Start small: pick one resource type with multiple instances and apply the pattern. You'll immediately see the benefits. Then expand to your entire infrastructure.
Your future self (and your team) will thank you.
Bonus: AI-Assisted Terraform
Want AI assistants like GitHub Copilot or Kiro to automatically generate mapping constructs?
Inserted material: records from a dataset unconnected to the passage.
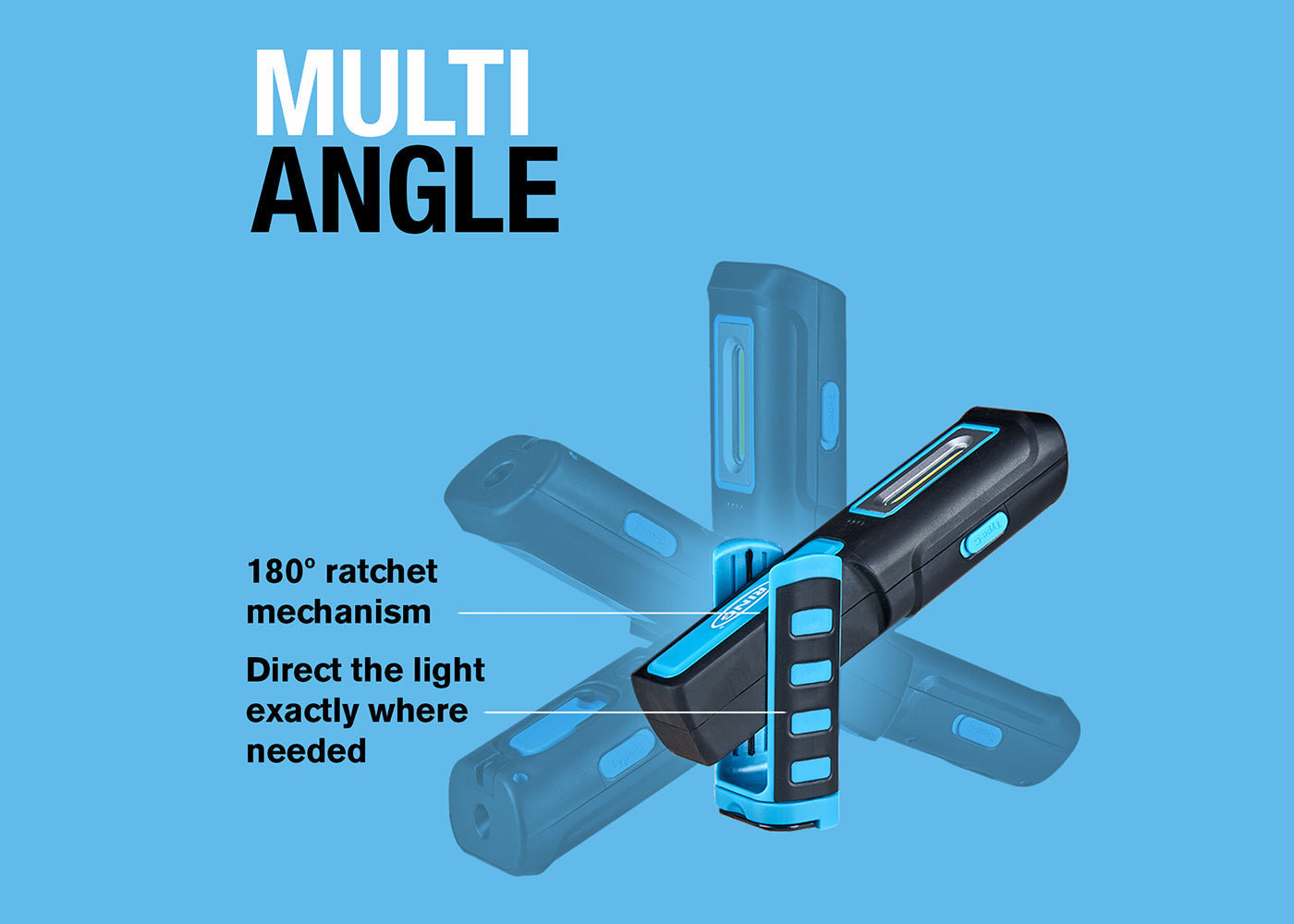 - Íman na parte de trás e na base da luz led, bem como um gancho giratório para trabalhar com as mãos livres
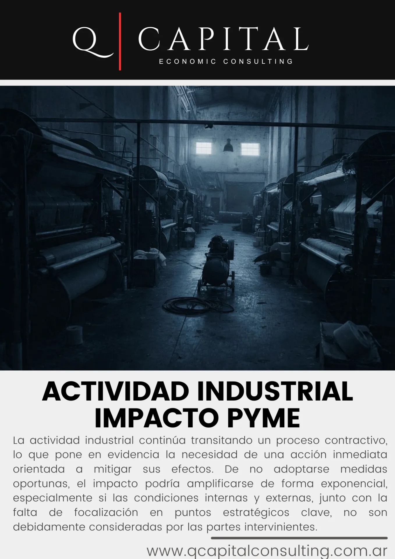 Actividad industrial y PyMES - Alerta por deterioro productivo Damian Quiros Director Ejecutivo de Q | Capital Economic Consulting, estuvo presente en Canal E de Editorial Perfil compartiendo la situación actual de las Pequeñas y Medianas Empresas. La incertidumbre puede dejar en el camino a más empresas que la propia situacion actual politica y economica, es momento de tomar acción ya que no es el rumbo el que esta en duda en este momento, sino el tiempo enfatizo Quiros. La actividad industrial atraviesa una fase contractiva que expone debilidades estructurales acumuladas durante décadas. La combinación de tasas de financiamiento elevadas, presión tributaria y apertura comercial intensificó las dificultades del entramado productivo, especialmente en las PyMES. Sectores como automotriz, textil, maquinaria y confecciones registran caídas de hasta dos dígitos, mientras el acceso al crédito y la volatilidad cambiaria continúan condicionando la inversión. Sin mejoras en competitividad, productividad y condiciones financieras, el escenario de mediano plazo podría derivar en reestructuraciones, cierres y mayor concentración industrial.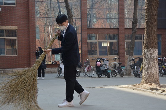 为倡导节约资源、低碳生活的理念,全面构建和谐文明校园,3月5日,滨州学院在全校开展“美丽校园伴我行”卫生清扫志愿服务活动,QY球友会体育学生积极参加。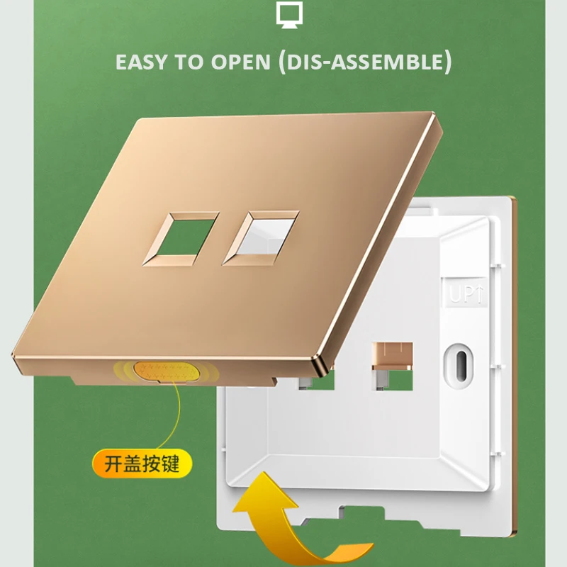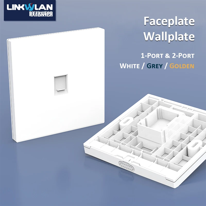 Comprar Linkwylan-placa frontal de 1 puerto, placa de pared doble de 2 puertos con obturador a prueba de polvo, montaje en superficie empotrada, 86x86mm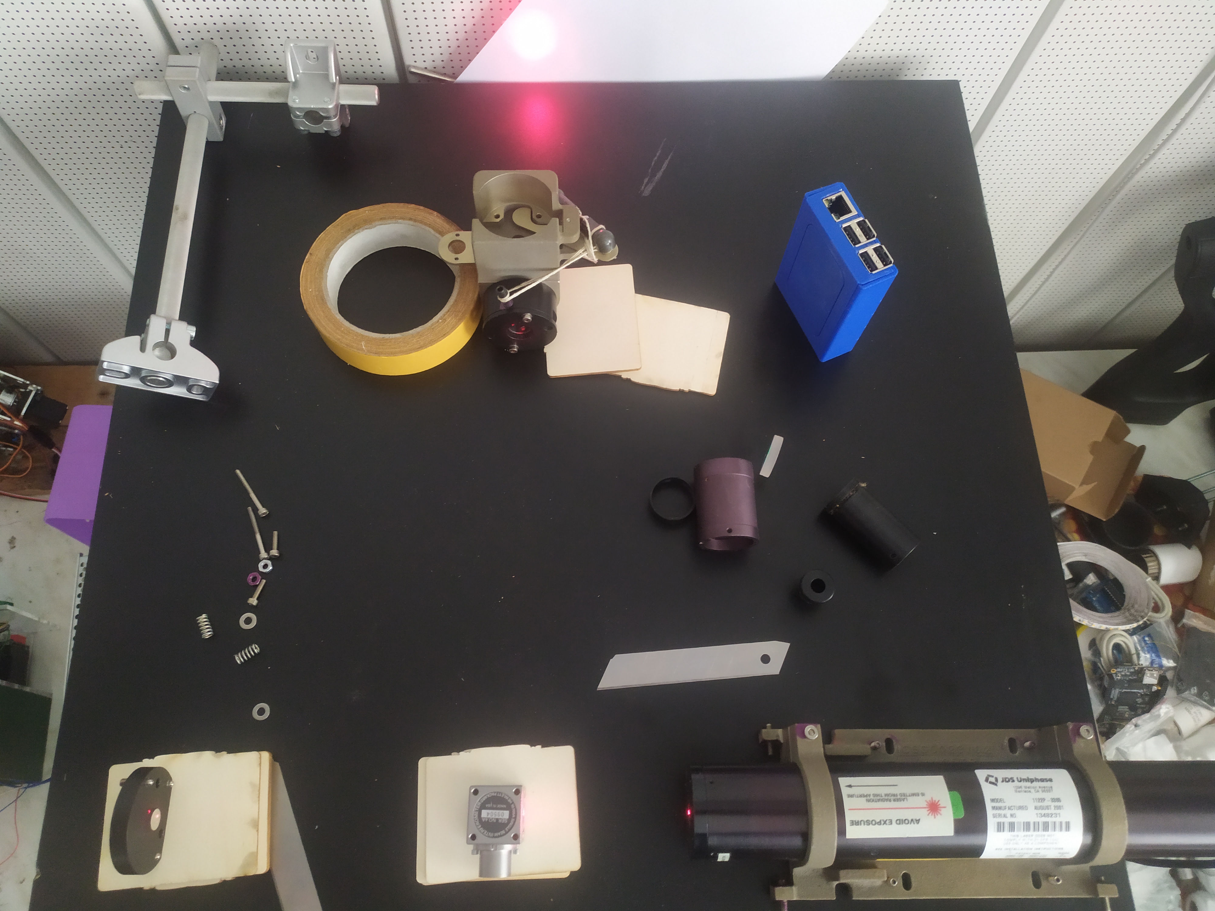 zleva rovinne zrcatko, uprostred interferometr (beam splitter) vcetne valcove cepicky kde je integrovany retroreflektor, vpravo HeNe laser, nahore kolinko v kterem je objektiv kvuli promitnuti detailu paprsku.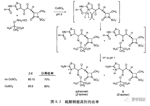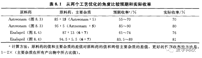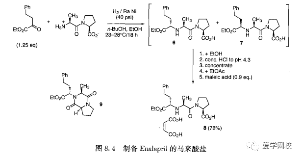 从表8.1可以看出,在重结晶过程中每1%的杂质会损失1%~2%的产品,E构型的5是合成aztreonam (图8.3)的主要杂质[2],在制备肟的反应中加人CuSO、可使E/Z异构体的比例从85: 15提高到95:5,收率也从70%提高到80%。这一步的优化可使aztreonam的收率比最初的工艺提高14%。在制备enalapril maleate 8时,非对映异构体7 (图8.4)是主要杂质。优化反应条件可把6: 7的比例从87 : 13提高到94.5 :5.5,收率从76%提高到81%。这些条件的优化有望把enalaprilmaleate的收率提高6.6%。通过工艺改进降低了每公斤原料药的成本,减少了中间体的量以使其适合市场需求。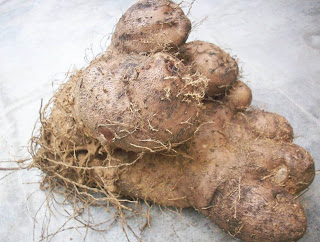 Recently while gardening, my mom spotted something.... A plant which she was sure had a huge tuber inside that could be used as a vegetable for cooking, and ofcourse she was correct.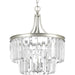 Glimmer fits the definition of livable luxury with elements that sparkle to create an instant statement within the home. Prismatic glass three-light pendants are supported by an architecturally- styled frame in Silver Ridge finish. The cascade of faceted linear glass deliver a sleek silhouette to any room. This versatile 19" round fixture can also be mounted as a semi-flush.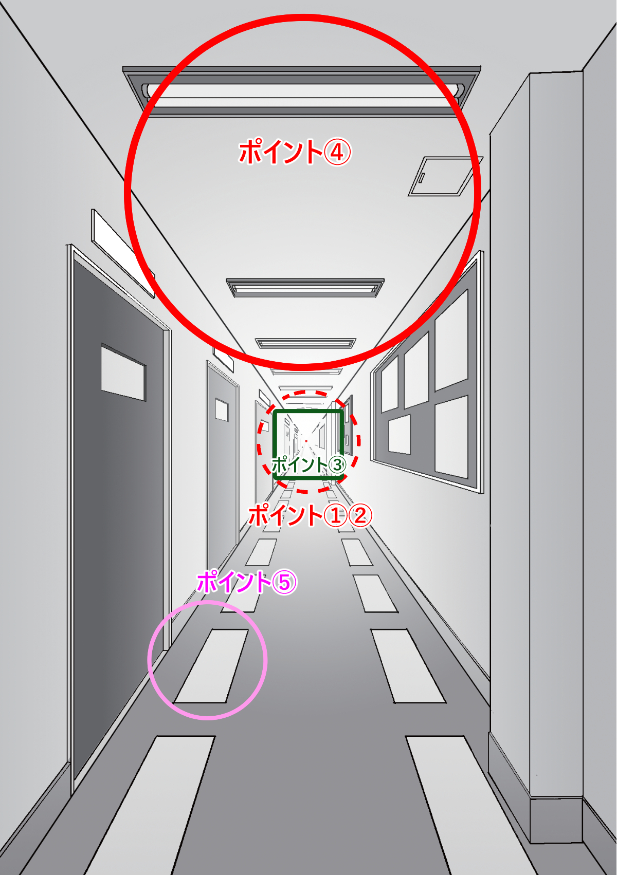 基準となる図形を分割する方法を「分割法」とし、パースに沿った均等に表現する窓や扉等に使われます。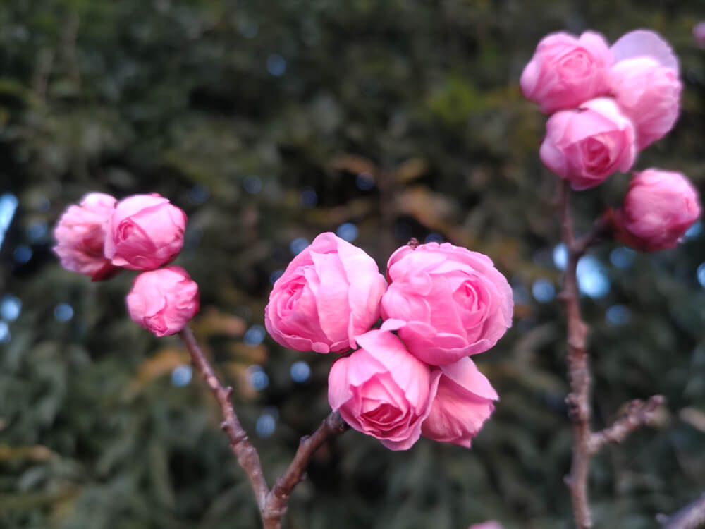 5枚の花弁の定番っぽい形の花もあれば、ボリュームのある八重咲きの花、そして枝垂れ梅も時々ある。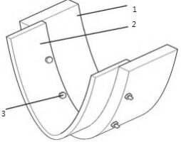 故經(jīng)過題攻關(guān),發(fā)明了收球網(wǎng)與循環(huán)水管道間的一種新型密封結(jié)構(gòu),如圖6所示。圖6中1號部件為剛性材料、2號部件為柔性材料,其通過部件3(螺栓)緊固;鋼板和聚四氟乙烯材料的復(fù)合固定,既保證密封的強度、又保證密封的柔韌性,防止收球網(wǎng)在轉(zhuǎn)動過程中的卡澀。

Add this steering file to your project:
Create .kiro/steering/terraform-format.md:
<!-- ---
inclusion: fileMatch
fileMatchPattern: ['**/*.tf', '**/*.hcl']
---
-->
# Terraform Standards
## Multi-Resource Pattern
**CRITICAL**: For multiple instances of the same resource type, always use the mapping construct pattern:
### 1. Define defaults in variables.tf
variable "default_lambda_config" {
default = {
runtime = "python3.12"
memory_size = 512
timeout = 60
}
}
### 2. Merge configurations in locals.tf
locals {
custom_lambda_config = {
"function-name" = {
memory_size = 1024 # Override
}
}
lambda_config = {
for name, config in local.custom_lambda_config : name => merge(
var.default_lambda_config,
config,
{ function_name = "${var.app_name}-${name}" }
)
}
}
### 3. Deploy with for_each in main.tf
module "lambda_function" {
source = "terraform-aws-modules/lambda/aws"
for_each = local.lambda_config
function_name = each.value.function_name
runtime = each.value.runtime
memory_size = each.value.memory_size
}
Now AI tools will automatically follow this pattern when generating Terraform code for your project.